Memcached consists of a dispatcher thread and several worker threads, which
communicates through a pipe, for example if new connection is accepted,
dispatcher writes 'c' to a pipe for a selected worker thread (it switches them
in round-robin manner), worker thread then popup the connection from the queue
and serves it.

Due to a slight race condition in capabilities, kevent() mechanism sometimes
may return spurious ENOTCAPABLE errors for the descriptors. It makes libevent
to abort the loop which works with the connections and return. Memcached
doesn't expect it to happen and worker thread silenty returns[1] and dies. You
may see it with procstat command, comparing count of threads in normal and
failing situation - you will be one thread short for the last.
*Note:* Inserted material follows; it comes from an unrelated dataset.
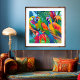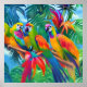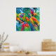 Färgfläckfåglar Tropiska Blommigten handflatan trä Poster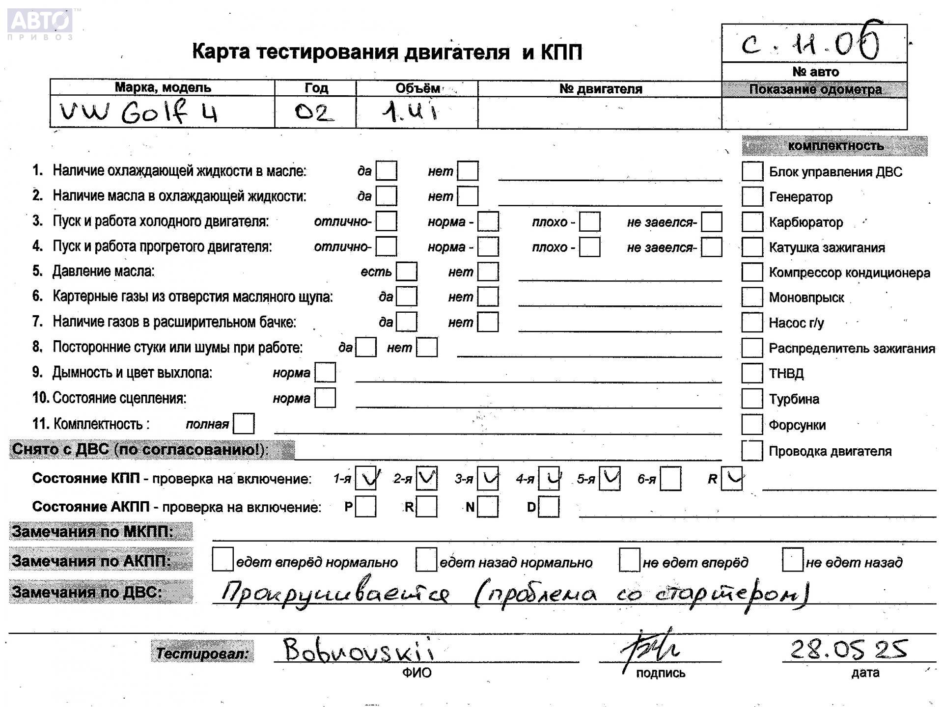 | Марка / Модель / Год: | Volkswagen Golf-4 2001 |

Dispatcher is not aware of this catastrophic event, and therefor continues to
write "c"'s about new connection to the pipe of that, already dead, thread, but
of course no one will serve those connections and they're left on the air.

And reasons why you see it as massive amount of CLOSED\CLOSE_WAIT connections
is simply the fact that client by timeout or by any other ways decided to
close() its connection. Network stack receives FIN packet and expects our
application to issue close() on the descriptor, but since thread is already
dead - it will never happen.

This bug was addressed by Mateusz in r273137[2].